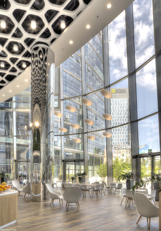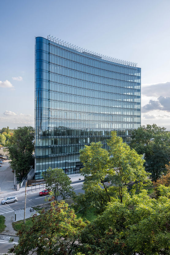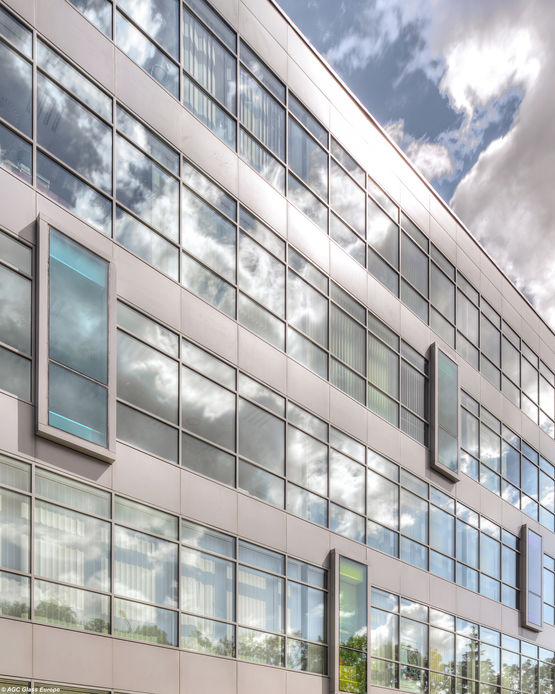 Parfaitement adapté pour une installation sur un mur-rideau ou en menuiserie parclosée, ce verre à couche a été créé pour pouvoir être trempé thermiquement ou être bombé pour épouser les formes données aux bâtiments.
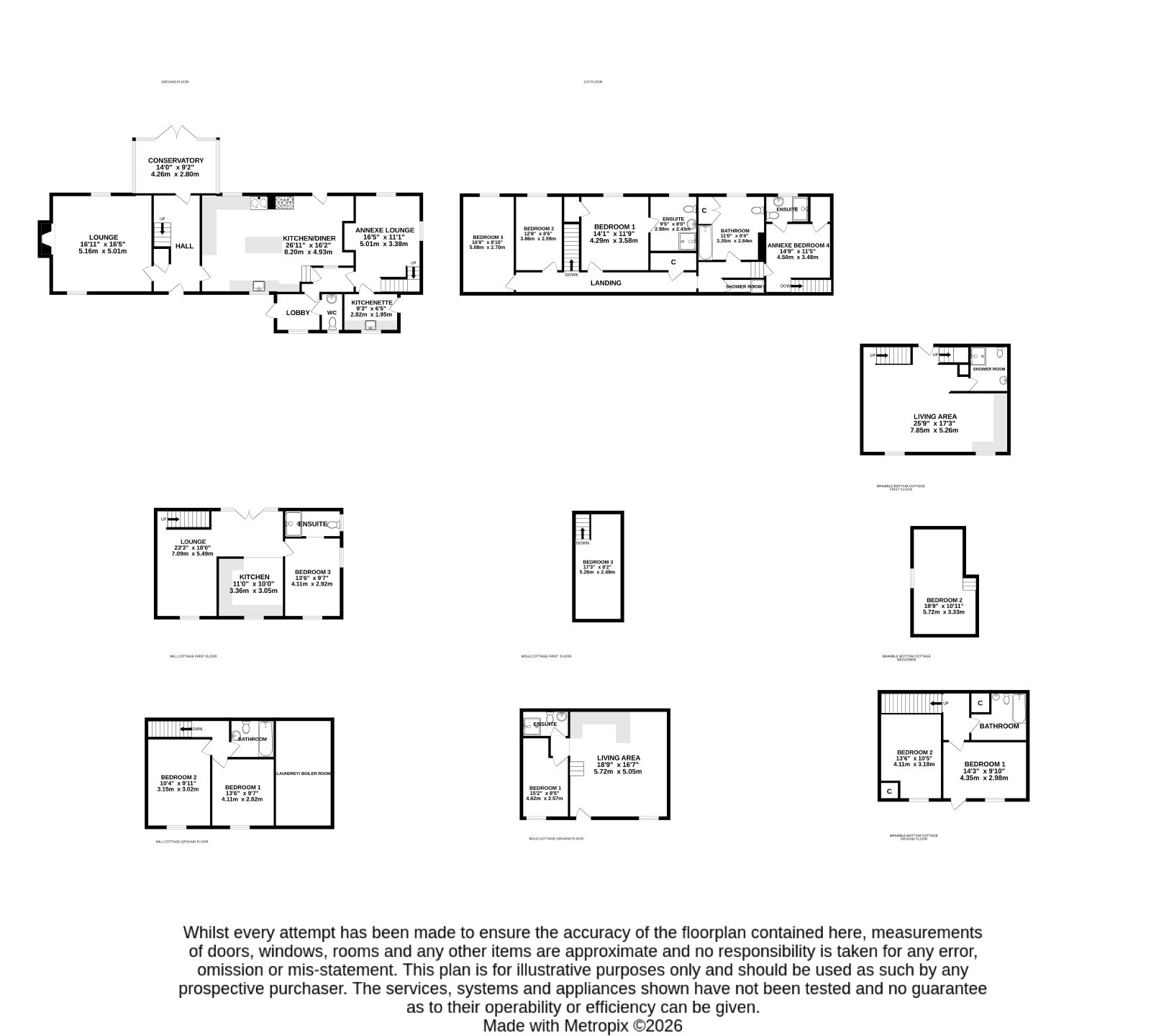 A major highlight is the established and highly regarded holiday letting enterprise, operated successfully for many years. The complex includes three charming four-star self-catering cottages—Bramley Bottom and Mole Cottage (each sleeping six), together with a Mill Cottage (sleeping four)—created from traditional stone buildings including a Victorian stone barn and a watermill.
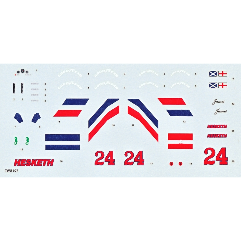 Decal Hesketh Ford 308C by THIS WAY UP Ref DKTWU007 : Pilote(s): James Hunt GP : Italie-Canada 1975
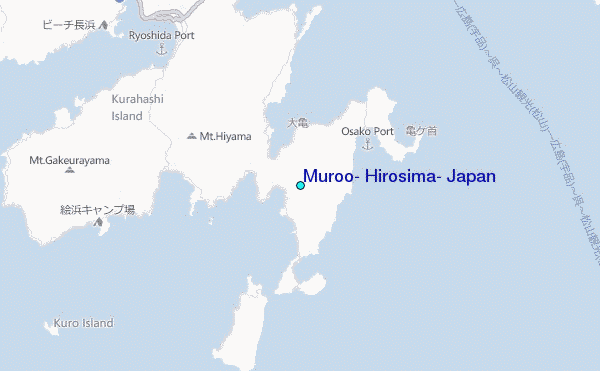 Use this relief map to navigate to tide stations, surf breaks and cities that are in the area of Muroo, Hirosima, Japan.
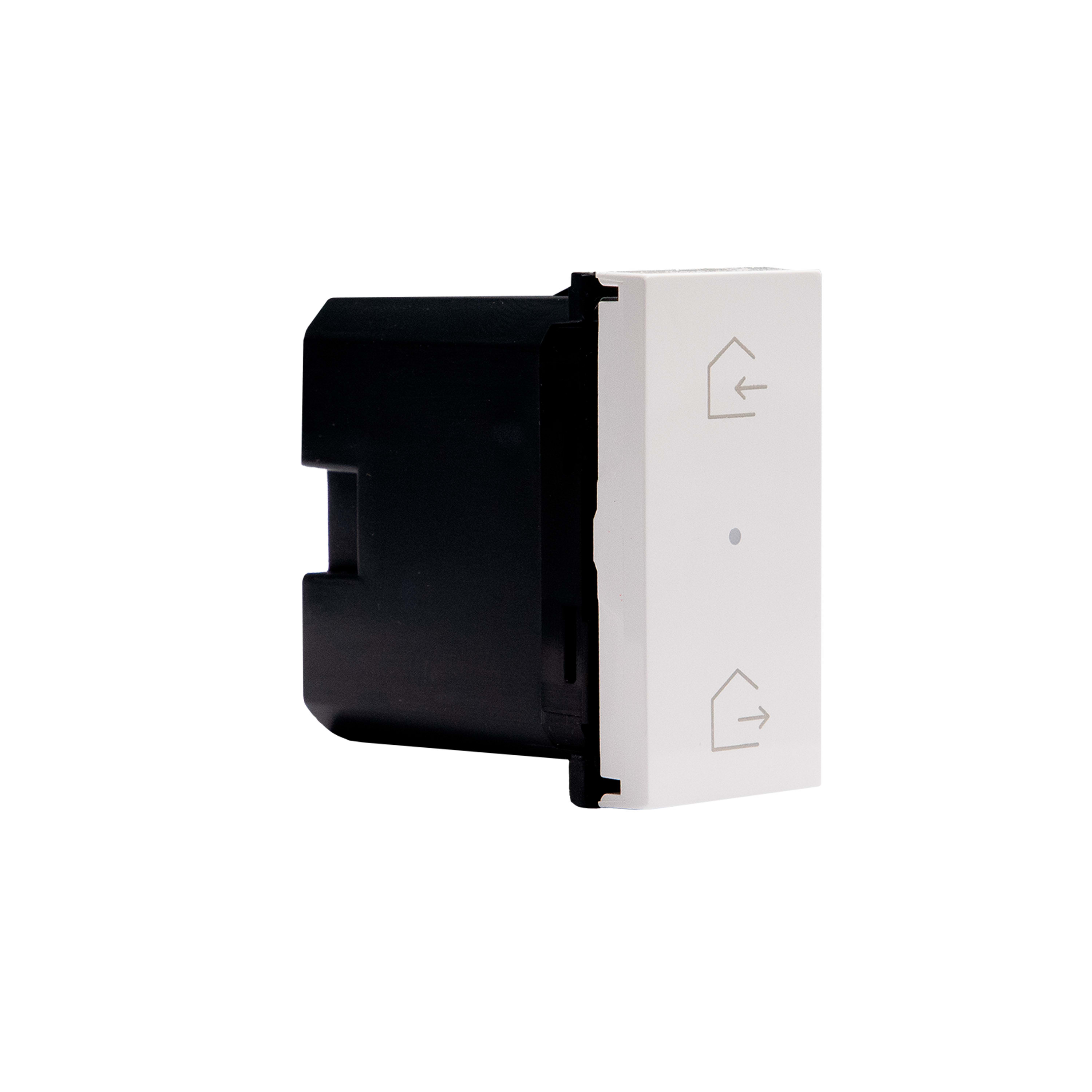 Comando scenario Entra&Esci wireless dotato di 2 pulsanti per l’attivazione degli scenari Entra ed Esci personalizzabili dall’app Home + Control. Può essere installato in qualsiasi scatola da incasso senza alcun cablaggio. La batteria può essere sostituita senza rimuoverlo dal supporto. LED integrato per la segnalazione batteria scarica. Alimentazione a batteria 3V tipo CR2032 (fornita a corredo) con autonomia di 8 anni - 1 modulo
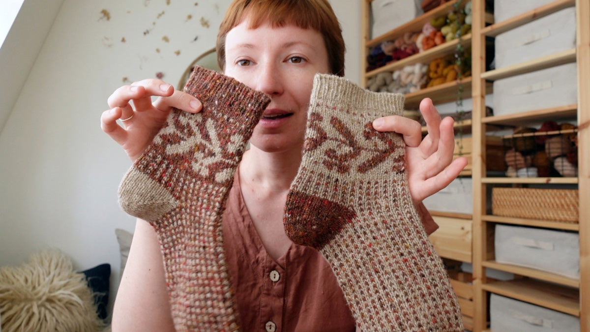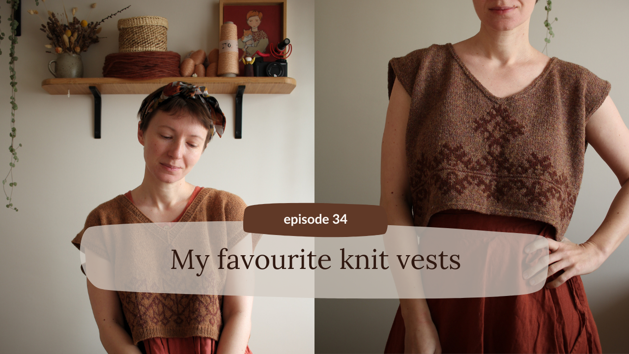 episode 34Talking about my two favourite knitted vests — Forest keys and Pavuk. Both boxy V-necks and coincidentally brown and with lots of colourwork.
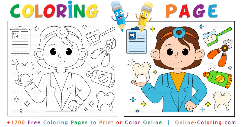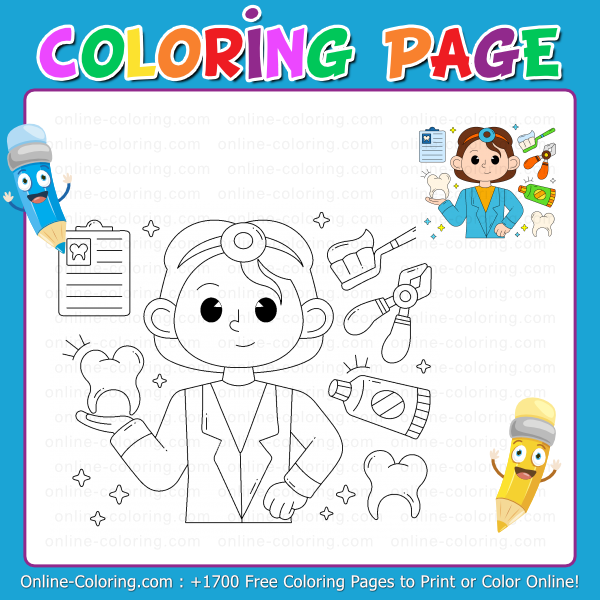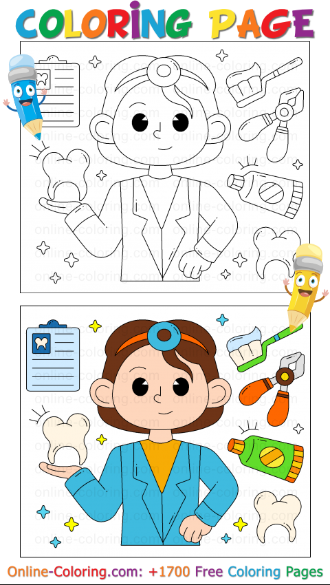This coloring page celebrates a friendly dentist who helps everyone keep their teeth healthy and bright! Around them, you can spot all the important tools for a clean smile: a toothbrush, toothpaste, dental pliers, and a sparkling tooth.
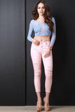This semi-sheer mesh top features a round neckline, long sleeves, crop hemline, and embroidery floral lace patch at breast. Accessories sold separately. Made in U.S.A. 95% Polyester, 5% Spandex.
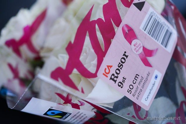 Måste bygga ut min kokbokshylla snart, den är fullproppad minst sagt. Fick plocka bort några för att få plats med dessa nykomlingar jag köpte på Ica maxi i morse. Skulle bara dit och köpa mjölk… Jojo. Kom hem med vackra rosor (rosa bandet), 2 nya kokböcker och lite annat smått och gott. Och en laxsida till kvällens middag – men jag vet inte riktigt vad jag ska göra med den bara?
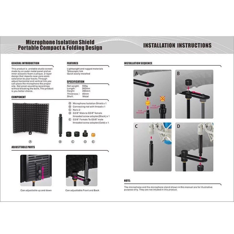 5 Sound Panel Foldable Studio Microphone Isolation Shield
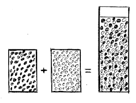 шарика, смешивание гороха и пшена, воды и спирта, изменение объема стального шарика
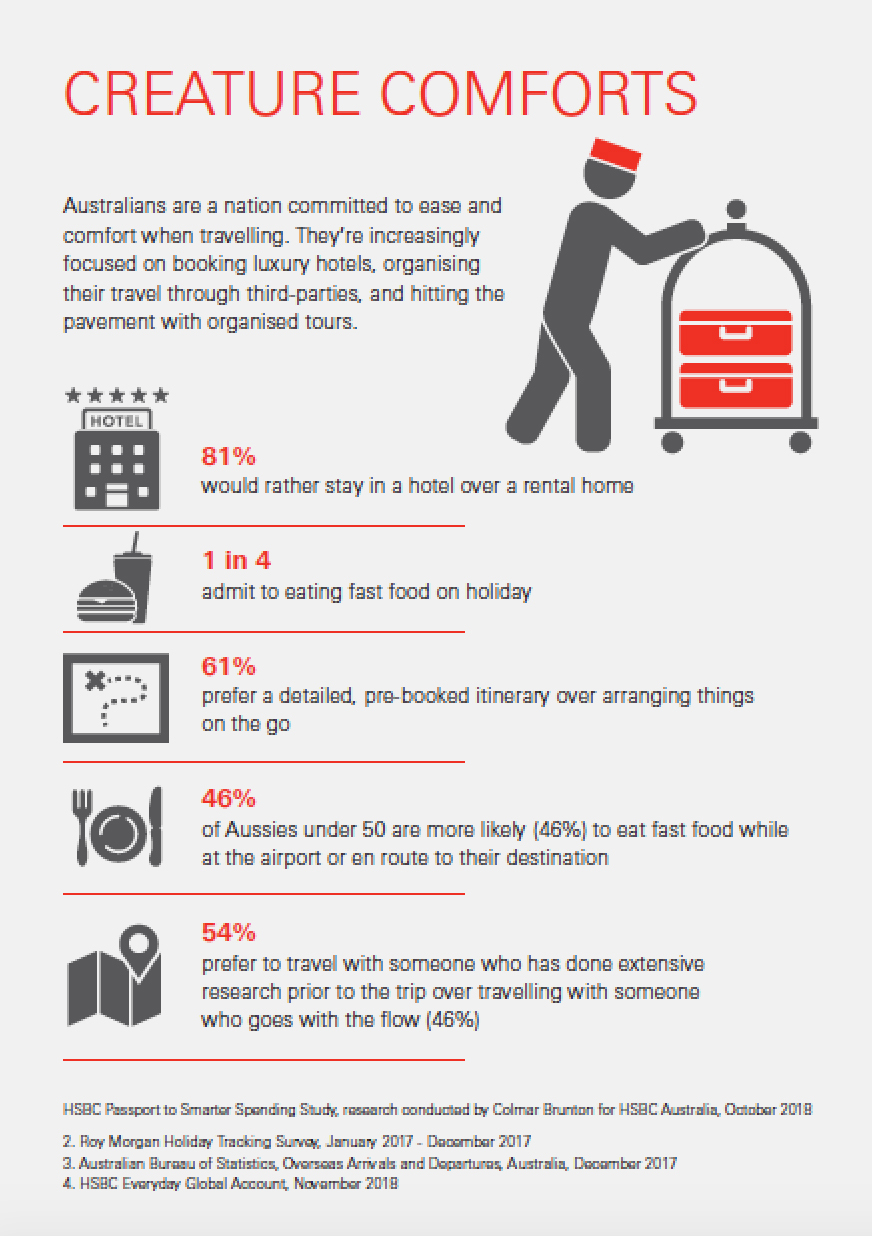 Barnaby Jenkins, Head of Transactional Banking Products at HSBC, said, “Australians want to immerse themselves wherever they travel, however, in reality, they’re much more considered and comfort-seeking, meticulously planning their activities well in advance in order to make the most of their holiday.
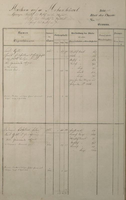Lagerbuch 1838 aufgestellt von Geometer Gottschalk Nr. 6350 - 7107
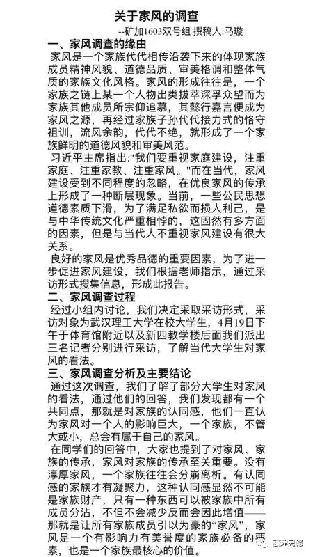 在本次对家风的调查中,我收获了很多,我明白了良好的家风其实是一种正气,是一种道德力量,对一个人的成长有着至关重要的作用。古人云:“近朱者赤,近墨者黑”。在优良家风的熏陶下,人的每一个举止都展现出了一个家庭的道德素养,这个社会需要优良家风为之注入正能量。——矿物1602俞磊

## WHAT THIS TASK INVOLVES
Give again exactly the lines from the one holding "5 Sound Panel" to the final line of the records, both ends included, and nothing more. Pictures do not belong in the copy.

## ANSWER TO THE PROBLEM
 5 Sound Panel Foldable Studio Microphone Isolation Shield
 шарика, смешивание гороха и пшена, воды и спирта, изменение объема стального шарика
 Barnaby Jenkins, Head of Transactional Banking Products at HSBC, said, “Australians want to immerse themselves wherever they travel, however, in reality, they’re much more considered and comfort-seeking, meticulously planning their activities well in advance in order to make the most of their holiday.
Lagerbuch 1838 aufgestellt von Geometer Gottschalk Nr. 6350 - 7107
 在本次对家风的调查中,我收获了很多,我明白了良好的家风其实是一种正气,是一种道德力量,对一个人的成长有着至关重要的作用。古人云:“近朱者赤,近墨者黑”。在优良家风的熏陶下,人的每一个举止都展现出了一个家庭的道德素养,这个社会需要优良家风为之注入正能量。——矿物1602俞磊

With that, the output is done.